Several top officials from state and national transportation agencies were in town today to see some of the SFMTA's latest street safety measures. Meanwhile, local street safety advocates continue to push the SFMTA to pick up the pace on delivering pedestrian and bike safety infrastructure.
At a City Hall committee hearing yesterday, SFMTA Sustainable Streets Director Tom Maguire reported on some solid steps the agency is taking to cut through the bureaucratic red tape that holds up street safety fixes.
While the reforms are "definitely a work in progress," Maguire told Supervisors Jane Kim and Scott Wiener that the SFMTA has adopted new processes and hired new management to speed up the delivery of safer streets.
"There does need to be a bit of a culture change and a raised expectation that we do need to be doing more, better, faster within MTA if we're going to reach the Vision Zero goal," Maguire said.
In recent weeks, he said, project managers at SFMTA and SF County Transportation Authority have attended an "intensive training course" focused on rolling out a "capital project control system," so that managers at both agencies "are on the same level." The SFMTA is also hiring a project delivery director to "re-engineer and streamline the project delivery process across the entire Sustainable Streets Division" while "providing a single point of accountability."
The SFMTA also holds regular meetings with other agencies like the Department of Public Works and Caltrans to ensure that coordination is "baked into projects," said Maguire. He said there is higher priority on "getting the scope right the first time" and making sure other agencies "are at the table" up front, to ensure smaller projects don't become unexpectedly larger and slow down the original plans.
The SFMTA has shown that it can move faster for high-priority projects, such as the parking-protected bike lane coming to 13th Street in the next couple of months, which was announced in late January. As part of the project, the SFMTA began installing painted curb extensions today at the traffic circle at Division, Eighth, and Townsend Streets.
At the hearing, Supervisor Kim also noted that pilot projects like the bike lane widening on Folsom Street and a pedestrian scramble signal phase at Stockton and Sacramento Streets seem to have been installed "within two months" of traffic fatalities at those intersections.
"I don't want to sound like I'm accusing MTA of this, but it feels like, from a general public perspective, that it takes a fatality to get a project into place faster," she said.
Maguire pointed out that such pilot projects don't have to undergo the lengthy environmental review process required by the CA Environmental Quality Act. The recent Howard Street bike lane widening didn't have to either, since it didn't remove a traffic lane. But, he added, "I want to get to a point where we're moving much faster through the design, legislation, and environmental processes."
The SFMTA said in a press release today that city officials "are asking their state and federal counterparts to help in several areas, including cutting red tape for funding and making the environmental review process more efficient."
While SF has plenty of room to improve, the city is apparently ahead of the curve nationally when it comes to re-shaping streets for safety.
SFMTA Director Ed Reiskin today showcased recent street safety measures to senior officials from the California Office of Traffic Safety, the California State Transportation Agency, the Federal Highway Administration, and the National Highway Traffic Safety Administration.
The tour included Polk Street, where the SFMTA is installing an initial batch of safety measures.
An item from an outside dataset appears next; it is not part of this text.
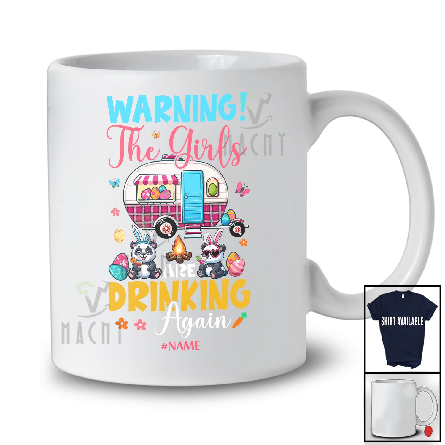 • Personalized Warning The Girls Are Drinking Again; Lovely Easter Custom Name Panda Camping T-Shirt. This cotton t-shirt is a durable staple product with a classic fit. One of the most popular items, it has a relaxed style made for everyday and casual wear.

Already completed are painted bulb-outs at five intersections, zebra-striped crosswalks at 25 intersections, and an extended but unprotected southbound bike lane.
But that installation came after a two-year planning process, during which the project was delayed by a year and heavily watered-down due to some merchants obsessed with preserving car parking. Construction on the main changes that require concrete work is set to begin in a year.
Still, California OTS Director Rhonda Craft said in a statement that SF's Vision Zero efforts "can stand as a model for others who are trying to make their communities safer for all roadway users."
“Having these organizations and delegates here to learn about our Vision Zero efforts really underscores San Francisco’s recent work to create a culture of traffic safety,” Reiskin said in a statement. “While our goal of zero traffic fatalities by 2024 has a long time horizon, we are working quickly today to increase safety citywide while larger projects and initiatives are being developed.”